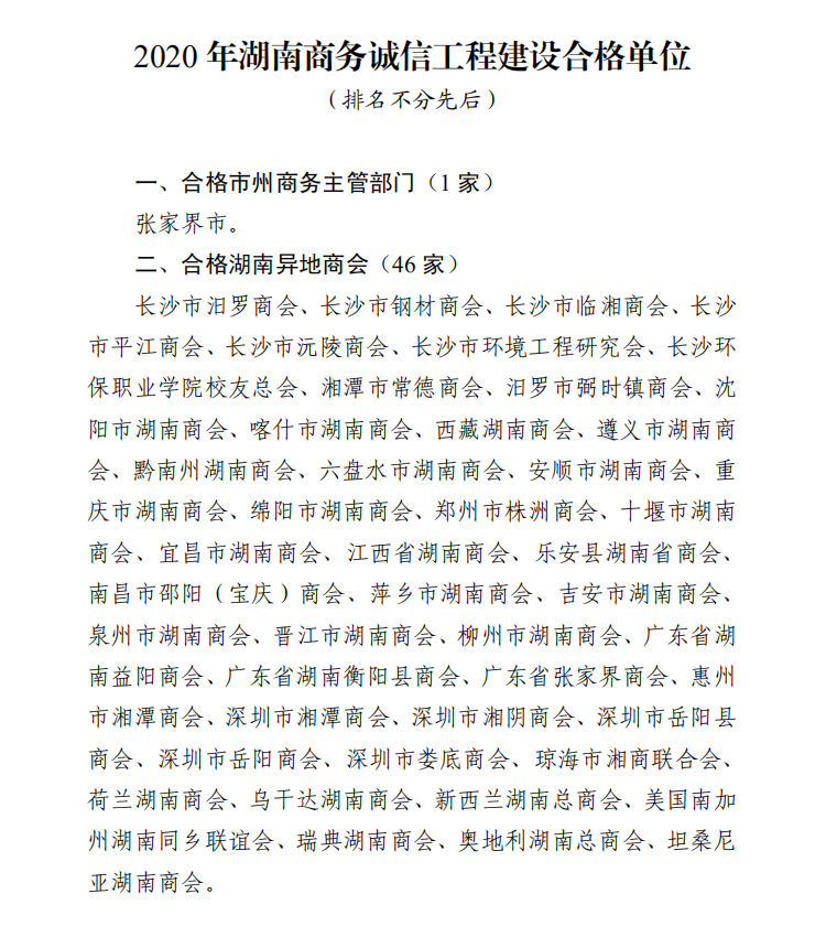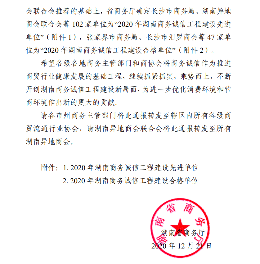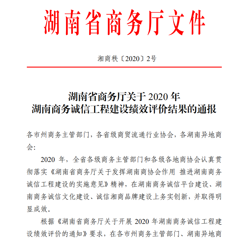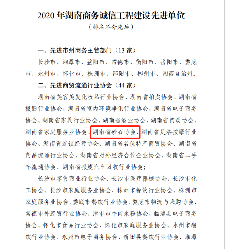 【荣誉】恭喜我会荣获“2020年湖南商务诚信工程建设先进单位”称号​ 发布日期:2020-12-23 04:08:11 点击量:1 标签:商务诚信 今日,湖南省商务厅正式发文公布湖南省砂石协会跻身“2020 年湖南商务诚信工程建设先进单位”!这既是国家社会对砂石行业和湖湘砂石人厚爱所系,也意味着我们全行业从此倍感荣幸地进入诚信自律的新阶段。筑商务诚信标杆,创新引领行业发展。就砂石行业而言,把绿色矿山建设结合到诚信建设中来;把砂石骨料质量纳入到诚信体系中来;针对砂石企业,制定信用等级评价管理办法将是我们今后的工作方向。文 字:雷闪闪 图 片:欧阳琼 责任编辑:李欣桐声明:对转载、观点、图频保持中立,目的仅在于传递信息,版权归原作者,如遇侵权,我们将及时删除,谢谢。
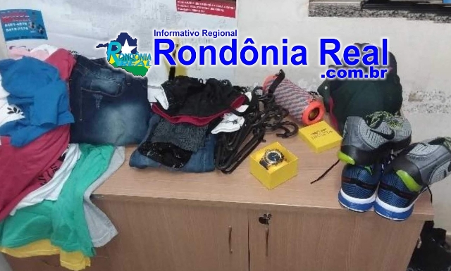 Na residência os policiais encontram: 20 camisetas de cores variadas; cinco bonés; dois pares de tênis; uma calça jeans; uma bermuda jeans; dois shorts; um relógio; uma caixa de som; 20 cabides e um par de meias, todos furtados da loja em Cujubim. Além destes objetos também foram apreendidos outros objetos de procedência duvidosa: dois aparelhos celular e nove camisetas novas com etiqueta e cabides.
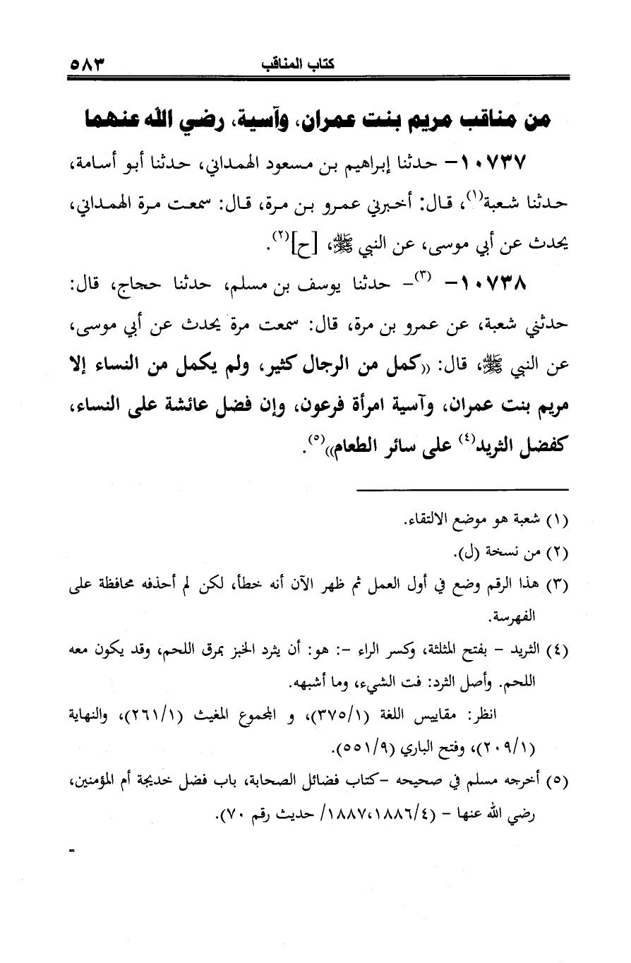 10738 - (¬1) - حدثنا يوسف بن مسلم، حدثنا حجاج، قال: حدثني شعبة، عن عمرو بن مرة، قال: سمعت مرة يحدث عن أبي موسى، عن النبي -صلى الله عليه وسلم-، قال: "كمل من الرجال كثير، ولم يكمل من النساء إلا مريم بنت عمران، وآسية امرأة فرعون، وإن فضل عائشة على النساء، كفضل الثريد (¬2) على سائر الطعام" (¬3).
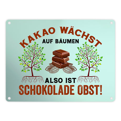 Kakao Metallschild in 15x20 cm mit Spruch Schokolade ist Obst
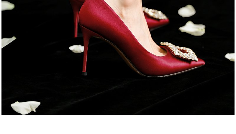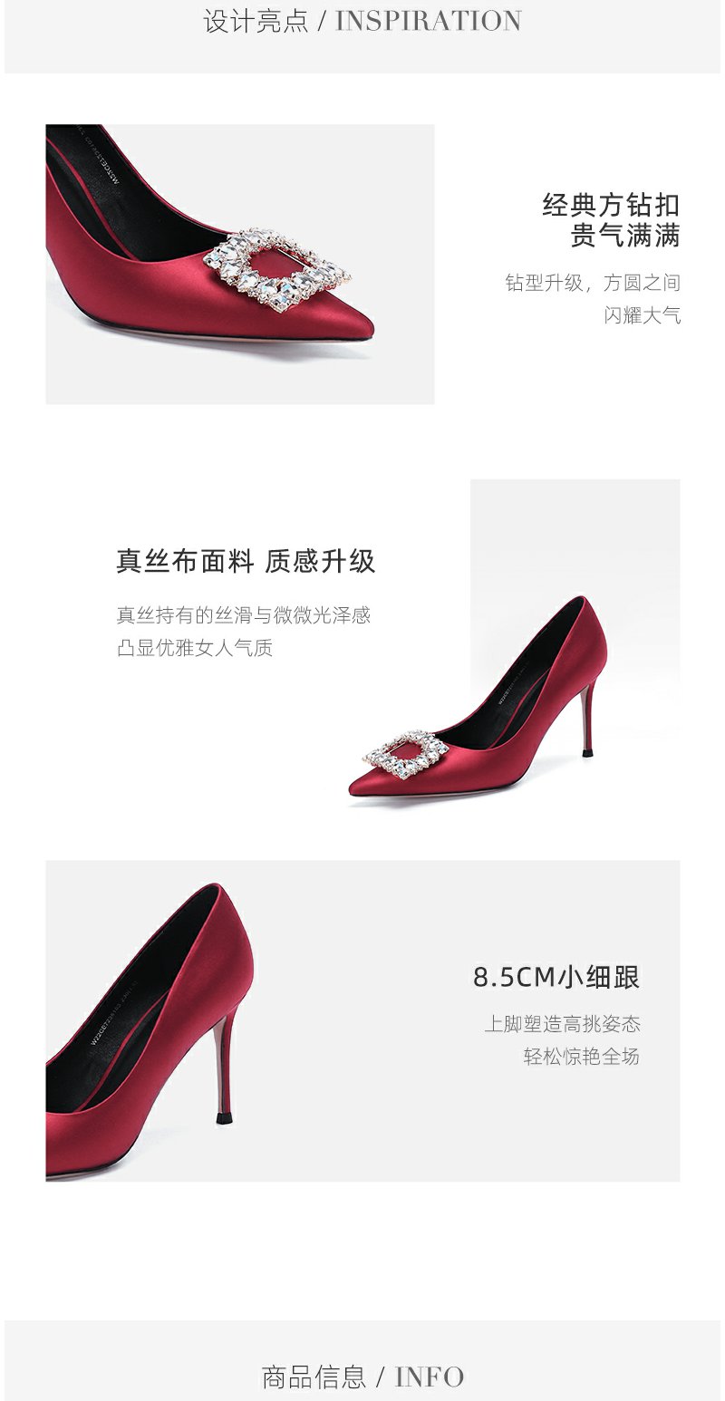 westory春秋缎面水钻方扣中式高跟宴会秀禾鞋婚鞋两穿72351
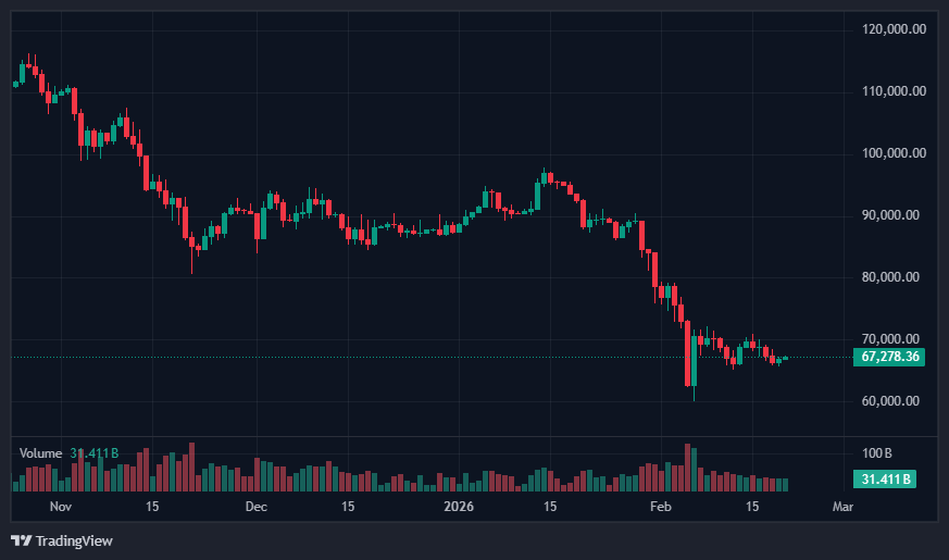 Market sentiment weakened late within the US session after minutes from the Federal Reserve’s January assembly had been seen as extra hawkish than anticipated, pushing each US shares and crypto off earlier beneficial properties. Bitcoin was buying and selling round US$67,000 (AU$102,510), close to session lows and again towards the underside of its latest vary.
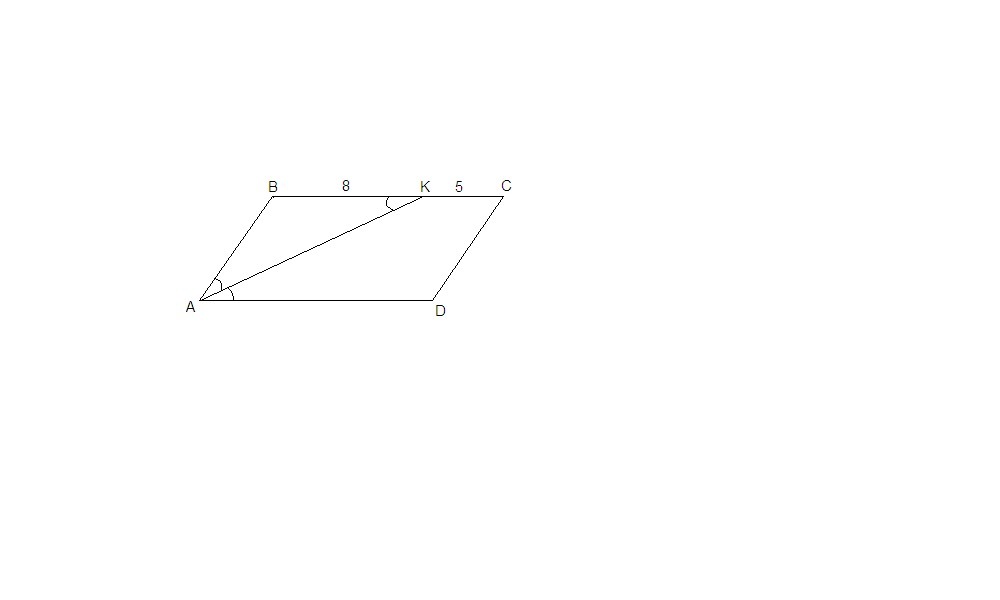 В параллелограмме ABCD биссектриса острого угла A делит противоположную сторону BC на отрезки BK=8 и KC=5. Найдите пермиетр параллелограмма ABCD
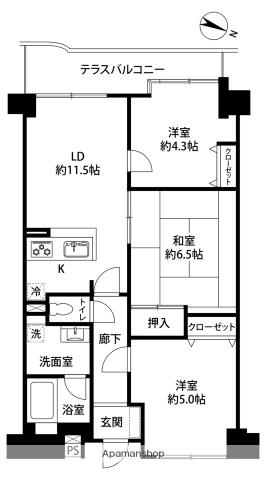 | 間取り詳細 | LDK(11.5帖)、洋室(4.3帖)、和室(6.5帖)、洋室(5帖) | ||
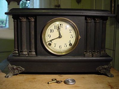 Title (ebay affiliate link): ANTIQUE SESSIONS 6 COLUMN BLACK ENAMEL MANTEL CLOCK 8 DAY ORIGINAL WORKING
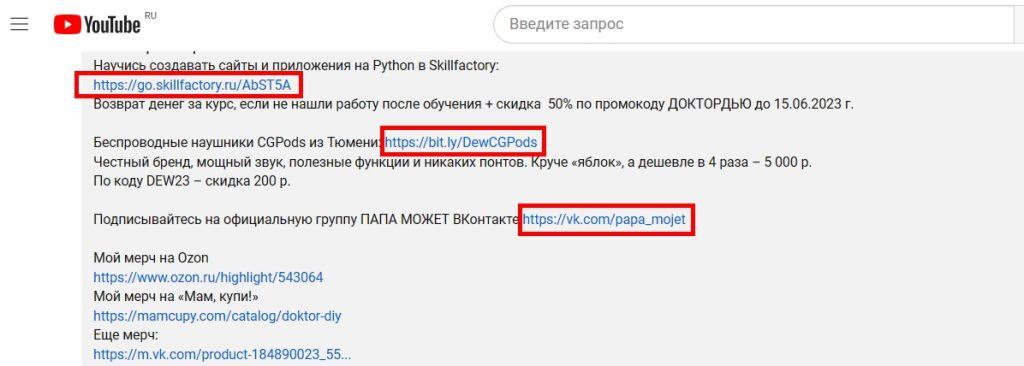 4) реклама в описании под видео — ссылки на ваши ресурсы и краткое описание товаров даются под роликом, оплата обычно осуществляется за каждый клик по этим линкам.
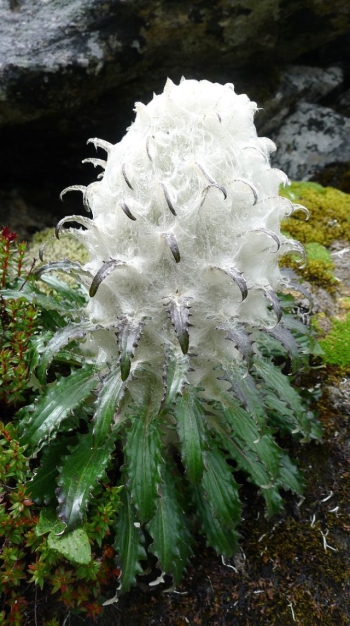 可别小看了这件不起眼的“外套”,它保护着娇嫩的雪莲不受霜冻之害,又可“锁水”——减少因蒸腾作用导致的水分丧失,同时还能“防晒”——反射高原上强烈的太阳辐射,可谓一件多功能的“战袍”。
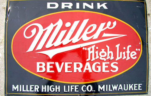This sign is an original advertisement for Miller “High Life” Beverages. It was made in the 1940s and measures 20″ x 13.5″.Vintage Tin 7up Display Sign
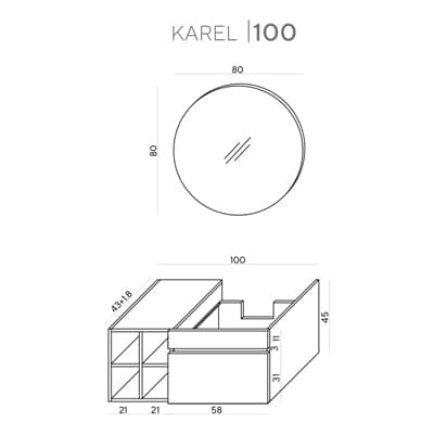 Etajer Lavabo uyumlu derin tek çekmeceli alt dolap
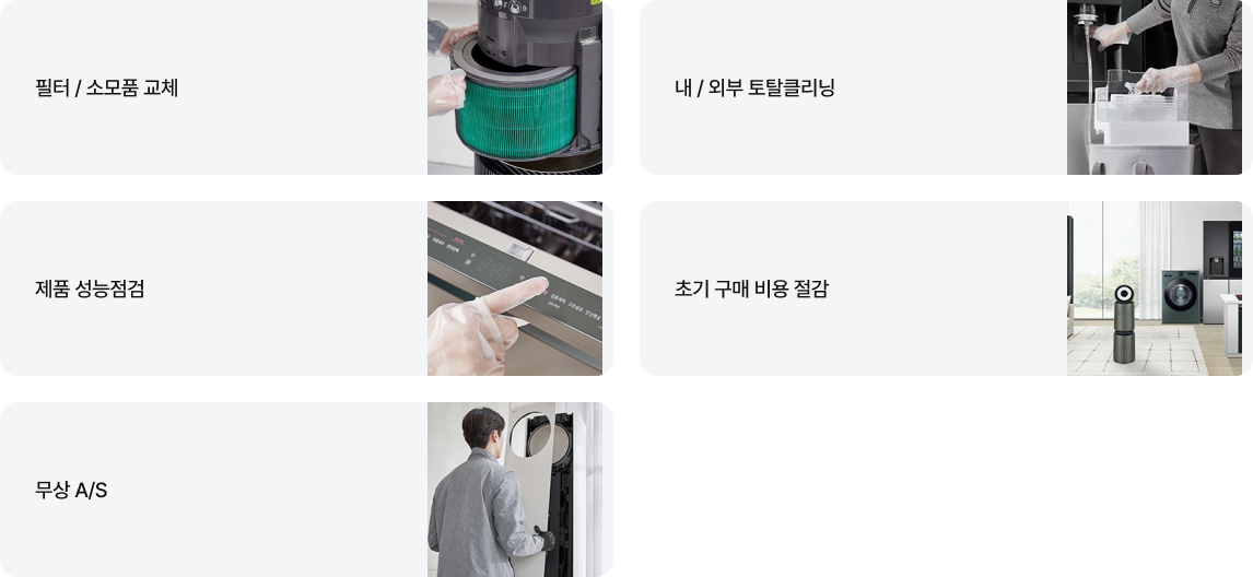 제품의 성능을 오래 유지하고 꺠끗하게 사용할 수 있도록 교체 주기에 따른 소모품 교체부터 혼자서

****************************************

**Work instruction:** With pictures left out, repeat exactly the lines from the line bearing "westory春秋缎面水钻方扣中式高跟宴会秀禾鞋婚鞋两穿72351" through the final line of the records above.

**Answer to the problem:**
 westory春秋缎面水钻方扣中式高跟宴会秀禾鞋婚鞋两穿72351
 Market sentiment weakened late within the US session after minutes from the Federal Reserve’s January assembly had been seen as extra hawkish than anticipated, pushing each US shares and crypto off earlier beneficial properties. Bitcoin was buying and selling round US$67,000 (AU$102,510), close to session lows and again towards the underside of its latest vary.
 В параллелограмме ABCD биссектриса острого угла A делит противоположную сторону BC на отрезки BK=8 и KC=5. Найдите пермиетр параллелограмма ABCD
 | 間取り詳細 | LDK(11.5帖)、洋室(4.3帖)、和室(6.5帖)、洋室(5帖) | ||
 Title (ebay affiliate link): ANTIQUE SESSIONS 6 COLUMN BLACK ENAMEL MANTEL CLOCK 8 DAY ORIGINAL WORKING
 4) реклама в описании под видео — ссылки на ваши ресурсы и краткое описание товаров даются под роликом, оплата обычно осуществляется за каждый клик по этим линкам.
 可别小看了这件不起眼的“外套”,它保护着娇嫩的雪莲不受霜冻之害,又可“锁水”——减少因蒸腾作用导致的水分丧失,同时还能“防晒”——反射高原上强烈的太阳辐射,可谓一件多功能的“战袍”。
This sign is an original advertisement for Miller “High Life” Beverages. It was made in the 1940s and measures 20″ x 13.5″.Vintage Tin 7up Display Sign
 Etajer Lavabo uyumlu derin tek çekmeceli alt dolap
 제품의 성능을 오래 유지하고 꺠끗하게 사용할 수 있도록 교체 주기에 따른 소모품 교체부터 혼자서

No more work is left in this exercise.